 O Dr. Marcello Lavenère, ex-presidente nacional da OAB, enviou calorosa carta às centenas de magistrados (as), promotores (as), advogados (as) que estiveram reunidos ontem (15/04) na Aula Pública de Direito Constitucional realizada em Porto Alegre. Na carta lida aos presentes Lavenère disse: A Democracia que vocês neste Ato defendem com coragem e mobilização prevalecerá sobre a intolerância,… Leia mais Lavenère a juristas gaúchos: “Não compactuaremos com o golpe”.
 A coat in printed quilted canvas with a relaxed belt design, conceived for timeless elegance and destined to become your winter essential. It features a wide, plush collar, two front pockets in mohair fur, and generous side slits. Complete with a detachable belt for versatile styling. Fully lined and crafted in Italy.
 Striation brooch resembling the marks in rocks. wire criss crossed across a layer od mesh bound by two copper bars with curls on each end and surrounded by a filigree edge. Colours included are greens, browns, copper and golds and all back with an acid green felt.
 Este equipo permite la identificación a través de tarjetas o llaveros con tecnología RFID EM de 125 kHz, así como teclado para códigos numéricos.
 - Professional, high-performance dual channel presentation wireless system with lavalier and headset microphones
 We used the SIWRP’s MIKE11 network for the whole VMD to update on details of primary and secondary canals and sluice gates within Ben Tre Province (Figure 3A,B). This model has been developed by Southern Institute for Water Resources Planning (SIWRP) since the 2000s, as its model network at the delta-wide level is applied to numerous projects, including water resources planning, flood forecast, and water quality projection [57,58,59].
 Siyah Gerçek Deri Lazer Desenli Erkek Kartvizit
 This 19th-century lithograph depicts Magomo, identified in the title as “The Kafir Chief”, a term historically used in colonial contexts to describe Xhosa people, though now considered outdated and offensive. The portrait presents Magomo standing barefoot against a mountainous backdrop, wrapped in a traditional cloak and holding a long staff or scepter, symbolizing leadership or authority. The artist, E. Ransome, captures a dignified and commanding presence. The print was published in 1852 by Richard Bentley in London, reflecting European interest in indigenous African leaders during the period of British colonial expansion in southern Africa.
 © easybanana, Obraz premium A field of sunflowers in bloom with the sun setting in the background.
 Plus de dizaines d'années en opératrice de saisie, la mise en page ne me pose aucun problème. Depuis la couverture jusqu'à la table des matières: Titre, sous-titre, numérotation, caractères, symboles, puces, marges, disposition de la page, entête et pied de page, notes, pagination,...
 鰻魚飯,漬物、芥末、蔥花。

» What to work on
Set down exactly the lines above, from the one containing "Plus de dizaines" to the final line of the material, with both ends kept and no other lines.

» Completed task
 Plus de dizaines d'années en opératrice de saisie, la mise en page ne me pose aucun problème. Depuis la couverture jusqu'à la table des matières: Titre, sous-titre, numérotation, caractères, symboles, puces, marges, disposition de la page, entête et pied de page, notes, pagination,...
 鰻魚飯,漬物、芥末、蔥花。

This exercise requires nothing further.